The painting is now being restored and reframed. CBS 2 Photographer Scott Wilson got a behind-the-scenes look at the meticulous work of touching up a masterpiece.

"For the Art Institute, it's a destination piece," said Art Institute curator Gloria Groom. "Chicago has always been blessed with amazing collectors. When they see it, they can't believe they're seeing the real thing."

It's one of the most recognizable paintings not only at the Art Institute in Chicago, but in the world.

Groom said the painting is "the centerpiece of our modern collection."

"Amazing acquisition – it was very forward-thinking; very astute," said Art Institute associate conservator Kirk Buillemot. "You know, I think the Parisian government would love to take it back."

Groom said "La Grande Jatte" is also "kind of a perfect social distancing painting."

"You can see all of these people are with their pod, but they're not near the other people," she said.

The Art Institute notes on its website that "La Grande Jatte" was initially panned by critics, who used words such as "bedlam," "scandal," and "hilarity."

But it of course has become renowned as Seurat's greatest work.

"With what resembles scientific precision, the artist tackled the issues of color, light, and form. Inspired by research in optical and color theory, he juxtaposed tiny dabs of colors that, through optical blending, form a single and, he believed, more brilliantly luminous hue," the Art Institute says on its website. "To make the experience of the painting even more intense, he surrounded the canvas with a frame of painted dashes and dots, which he, in turn, enclosed with a pure white wood frame, similar to the one with which the painting is exhibited today."

Now, the Art Institute has an opportunity to give the painting a new frame once more.

"The Art Institute has always been stuck with the problem is, how would have Seurat liked to see the painting presented," said Buillemot, who is building the frame.

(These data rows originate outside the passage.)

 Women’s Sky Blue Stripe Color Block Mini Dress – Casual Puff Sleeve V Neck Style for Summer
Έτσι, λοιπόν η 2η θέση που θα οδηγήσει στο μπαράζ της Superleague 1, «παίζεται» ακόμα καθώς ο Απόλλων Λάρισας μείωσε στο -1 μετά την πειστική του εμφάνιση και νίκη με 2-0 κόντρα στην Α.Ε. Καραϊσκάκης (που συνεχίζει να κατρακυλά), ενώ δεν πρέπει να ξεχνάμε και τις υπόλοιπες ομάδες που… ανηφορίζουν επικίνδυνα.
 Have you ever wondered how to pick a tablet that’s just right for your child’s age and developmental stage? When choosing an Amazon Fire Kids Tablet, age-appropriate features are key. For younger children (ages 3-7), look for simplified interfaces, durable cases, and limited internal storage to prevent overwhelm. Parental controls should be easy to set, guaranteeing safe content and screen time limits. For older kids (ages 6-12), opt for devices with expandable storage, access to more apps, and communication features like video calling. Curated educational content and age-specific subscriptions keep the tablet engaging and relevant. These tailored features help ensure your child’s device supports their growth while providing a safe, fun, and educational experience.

The new frame, Groom said, "will be a much closer frame to what the artist would have put on it."

"With Seurat, what's so humbling is that it's all on his terms, and that anything you do is going to affect the painting," Buillemot said. "Hopefully, we're just going to have something that will live peacefully on the side – not get in the way of the painting – and just let you enjoy what's inside the frame."

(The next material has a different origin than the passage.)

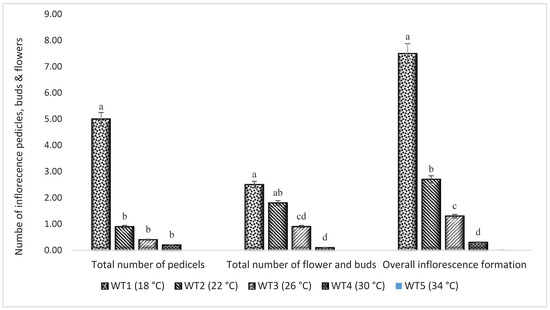 The relationship between root zone water temperatures and inflorescence formation. Note: The bars presented here are means ± SE. Bars with different letters are significantly different at p ≤ 0.01 (**) (total number of flower and buds; overall inflorescence formation) and p ≤ 0.001 (***) for the total number of pedicels as calculated by Fisher’s least significant difference.
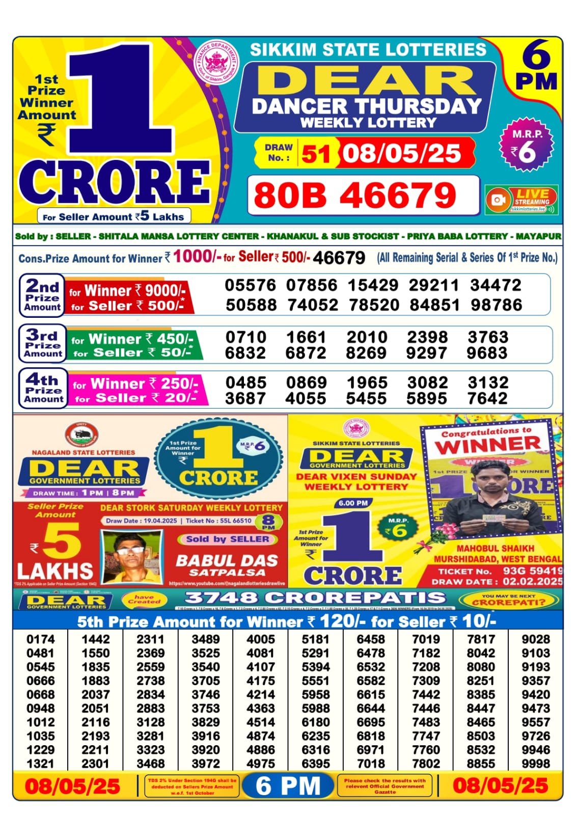 Dear dancer Thursday weekly lottery 6 pm result 8-5-25

"La Grande Jatte" was purchased by art collector and Art Institute trustee Frederic Clay Bartlett in 1924 – more than 30 years after Seurat's death – and placed it on loan to the museum. It has left the museum exactly once in the 98 years since for a 1958 appearance at the Museum of Modern Art in New York – where it escaped damage when a fire broke out at that museum.

As CBS 2's Charlie DeMar reported, the painting was created 150 years ago but still holds a place in pop culture. "La Grande Jatte" also, of course, was the inspiration for the 1984 Broadway musical "Sunday in the Park with George" by Stephen Sondheim and James Lapine. It was also featured in the popular film Ferris Bueller's day off.

"La Grande Jatte" will return to display next Thursday. If you want to go and see it, note that the Art Institute has strict COVID rules in place.

You need proof of vaccination, non-members need to buy tickets in advance, and everyone must wear a mask.